Ten wniosek wynika z uzasadnienia do decyzji, na podstawie której nie uchylono immunitetu prokuratorowi, którego Ziobro zawiózł do Kaczyńskiego. To właśnie ten oskarżyciel zdradził szczegóły śledztwa szefowi PiS.
>>>Przeczytaj: Ziobro dostanie dziś zarzuty w prokuraturze
Sąd Dyscyplinarny zmiażdżył wszystkie zarzuty stawiane prokuratorowi Wojciechowi Miłoszewskiemu a tym samym także i Ziobrze. Wczoraj sąd po raz drugi nie uchylił immunitetu Miłoszewskiemu.
Trzy lata temu Zbigniew Ziobro przywiózł prokuratora Miłoszewskiego z Krakowa do biura poselskiego Jarosława Kaczyńskiego. Miłoszewski poinformował szefa PiS o kulisach sprawy przeciwko mafii paliwowej. Teraz płoccy prokuratorzy chcą postawić Ziobrze zarzut przekroczenia uprawnień. Ale...
Sędziowie z Ministerstwa Sprawiedliwości nie zgadzają z zarzutami kolegów z Płocka. Ich zdaniem, Jarosław Kaczyński nie musiał złożyć żadnego wniosku na piśmie o udostępnienie materiałów, a prokurator nie musiał wydać żadnego zarządzenia w sprawie okazania akt. Zdaniem sądu, pisemny wniosek o dostęp do akt nie jest konieczny a pisemne zarządzenie może zastąpić polecenie wydane ustnie.
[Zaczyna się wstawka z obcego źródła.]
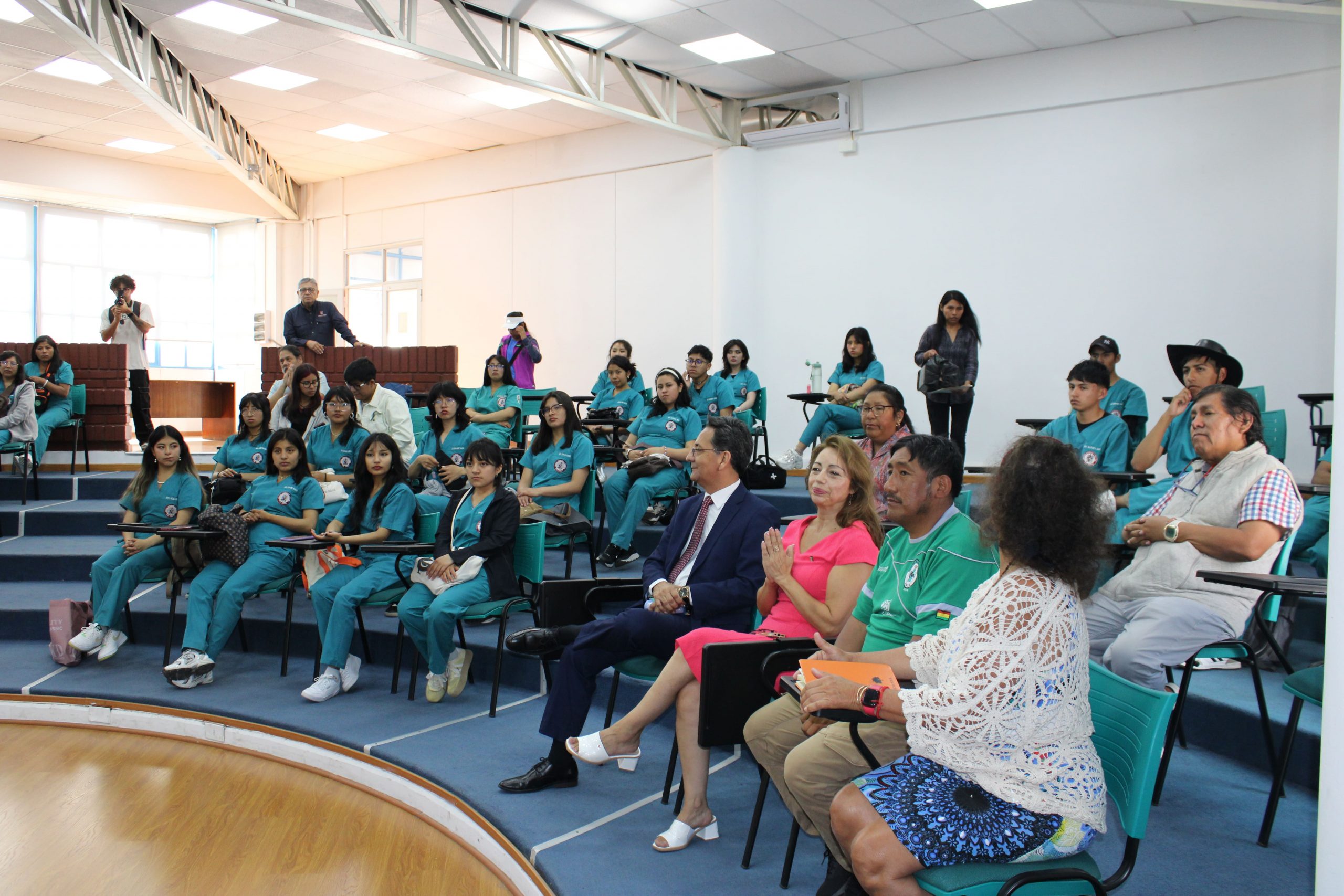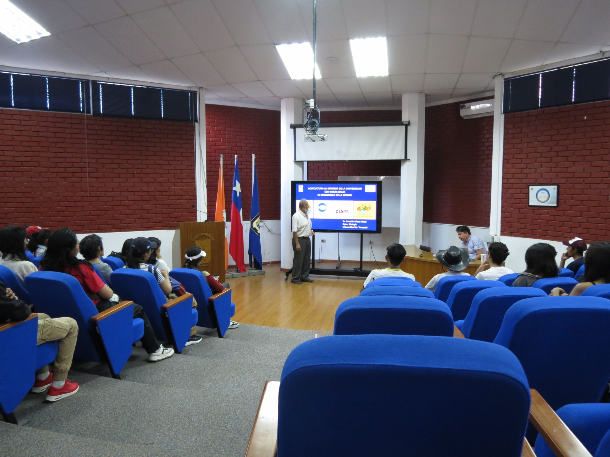 La delegación boliviana llegó a Arica el miércoles 15 de abril, tras un extenso viaje desde La Paz, siendo recibida con un recorrido por el Campus Saucache y una charla introductoria a cargo del académico de la Facultad de Ciencias, Dr. Arnaldo Vilaxa en la Sala Ovidio Sotomayor.

Zaprezentowanie prezesowi PIS zeznań dotyczących mafii paliwowej nie musiało być też opisane w specjalnym protokole, jak utrzymują prokuratorzy z Płocka.
Złamaniem prawa nie było także to, że akta pokazano poza prokuraturą - to jest w biurze poselskim Jarosława Kaczyńskiego. Zdaniem sądu, "miejsce wykonania zależy faktycznie od decyzji prowadzącego postępowanie".
"To uzasadnienie czarno na białym pokazuje, że moje działanie i działanie prokuratora Miłoszewskiego było zgodne z prawem a więc zarzut jest bezzasadny. Trudno wyobrazić sobie lepsza ilustrację do pokazania politycznego wykorzystania prokuratury do bezprawnych działań. W tej sprawie tłumaczyć się będą i prokuratorzy zaangażowani w te działania ale i minister Ćwiąkalski i premier Donald Tusk" - mówi Radiu Zet Zbigniew Ziobro.
Rzecznik płockiej prokuratury Iwona Śmigielska -Kowalska powiedziała, że uzasadnienie decyzji Sądu Dyscyplinarnego formalnie nie jest wiążące dla prokuratorów, ale jeśli są tam przytoczone ważne argumenty, mogą być wzięte pod uwagę.